The County Council co-operate with a voluntary organisation in the care of these
defective children, and, whenever possible, we, also, have co-operated with this
organisation.
(c) At the end of 1933, there were 240 places in Faircross Special School. One
hundred were in the Open-Air Section for delicate children, 40 in the Physically
Defective Section, and 100 in the Mentally Defective Section. I am, however, to
advise you that subsequently, after discussions with the Board of Education, certain
adjustments have been carried out.
It seems to me that the time is ripe for general discussions on a national basis about
the future of these special schools.
The idea of keeping delicate children at open-air schools until the age of sixteen
years was undertaken, I believe, in the hope that, although the children have had an
interrupted school life, they might reasonably, by that time, attain approximately the
standard of an ordinary child of fourteen years. This idea is very good and works
out in practice, but, if ever any similar idea was entertained with regard to mentally
defective children, I can only say from my experience that it is the exceptions which
work out in practice.
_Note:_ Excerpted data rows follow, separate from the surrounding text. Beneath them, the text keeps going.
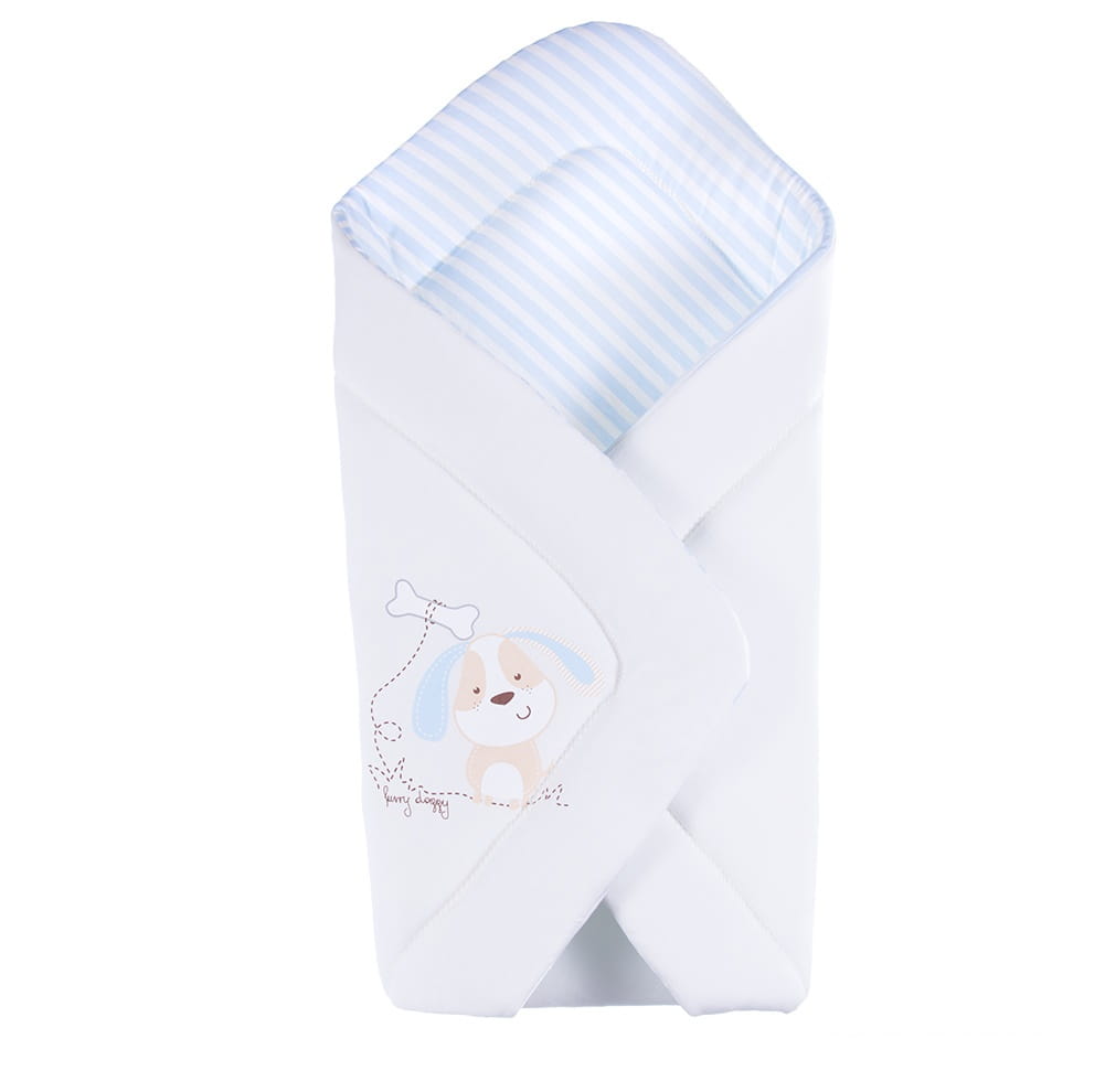 Swaddle blanket from the "Animals" collection made from soft and silky cotton in seven colors, with geometric patterns. At the corner you will find a print of a happy animal made with paint safe for children. Velcro fastening. Made in Poland, certified "Safe for Children". 100% Cotton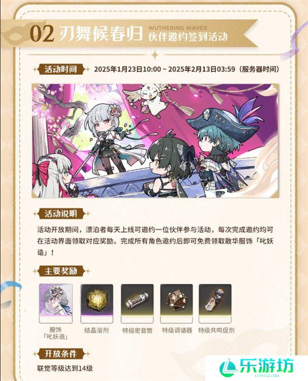 活动期间,漂泊者每天可以邀约一位伙伴参与活动,完成邀约即可领取奖励。完成所有角色邀约后,免费获得散华服饰「妖诰」!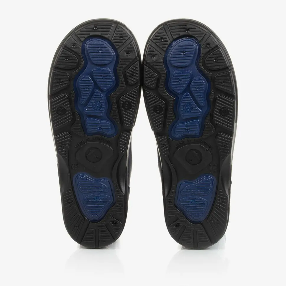 Blue rain boots for boys by BOSS, made from flexible rubber with glossy side panels. Ideal for wet and rainy days, they have the brand's logo in white on one side, with signature stripe detailing below for instant designer appeal. A soft textile lining and lightly cushioned insole provides comfort and the non-slip rubber outer sole improves grip on slippery surfaces.

In practice it is becoming less and less common to send mentally
defective children into special schools unless they are at least two-and-a-half to three
years retarded at the age of ten years, or retarded pro rata at any other age, and I find
that such children have completed their mental expansion at quite an early age and that,
although they may add such experience as they are able to understand to their mental
equipment, they do not develop mentally much after ten to twelve years of age.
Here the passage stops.